Sudah beberapa waktu ini saya terkejut dengan rencana kawan-kawan di Lab berlibur mengunjungi berbagai negara berkembang seperti Indonesia, Vietnam, Kamboja, dan bahkan ke negara-negara  Amerika Selatan (Peru, Ekuador, Kolombia, dll) atau Afrika. Bagi saya ini hal yang aneh ketika saya tanyakan alasan mereka memilih berlibur ke negara-negara seperti itu yang jauh dari kata tertib dan nyaman! ternyata di luar alasan ekonomi (murah), ada satu alasan penting bagi mereka; yakni ketidakteraturan! Alasan ini tidak mengada-ada, mereka menikmati bisa menyeberang jalan sembarangan, menikmati bisa membuang sampah sembarangan tanpa harus perlu repot-repot mencari kotak sampah, menikmati bisa menghentikan bis di mana saja suka-suka mereka tanpa perlu berjalan ke halte bis terlebih dahulu (alias sepanjang jalan adalah halte bis!)
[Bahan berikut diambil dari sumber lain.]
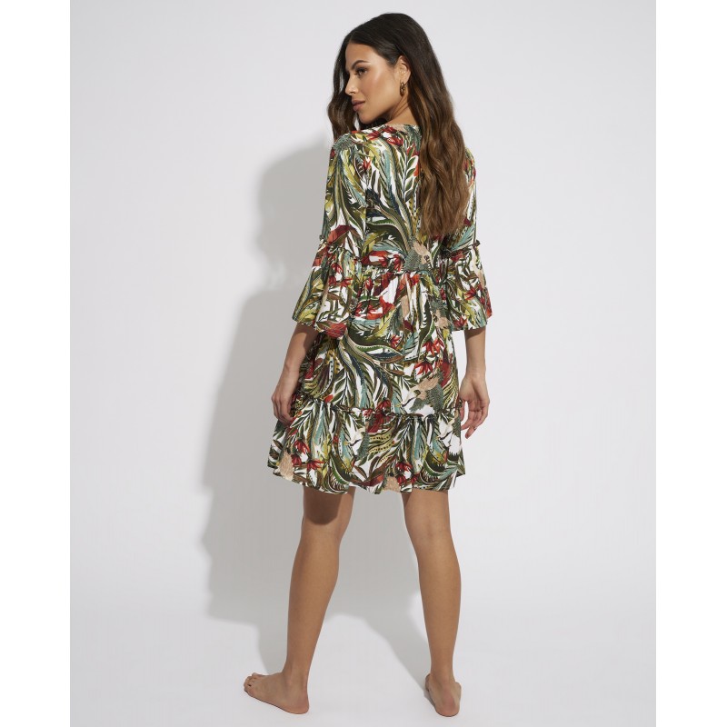 Vestido curto com mangas. Este design espetacular com tons vibrantes inspirados na flora e fauna selvagens reflete a exuberância e vitalidade da natureza tropical selvagem. Ideal para usar a combinar com o seu biquíni ou fato de banho.

Dalam sebuah acara televisi di Jepang, dikirimlah dua anak muda Jepang (laki-laki dan wanita) ke Indonesia.  Mereka di kirim ke Jakarta (wanita) untuk tinggal di salah satu keluarga agar bisa menikmati situasi dan gaya hidup orang Jakarta, sedangkan yang laki-laki di kirim ke Bali untuk menikmati gaya hidup orang Bali. Ada banyak kejadian lucu dan mengasikkan bagi orang Jepang, yang sebenarnya adalah hal yang biasa dan bahkan membosankan bagi orang Indonesia, seperti: kemacetan di jalan yang mengular panjang dan deretan sepeda motor yang merangsek kemacetan, suasana KRL Jakarta yang berdesak-desakan dengan penumpang yang bergantungan dipintu dan juga duduk di atas atap gerbong, dan juga berbagai jajanan anak-anak yang berwarna-warni.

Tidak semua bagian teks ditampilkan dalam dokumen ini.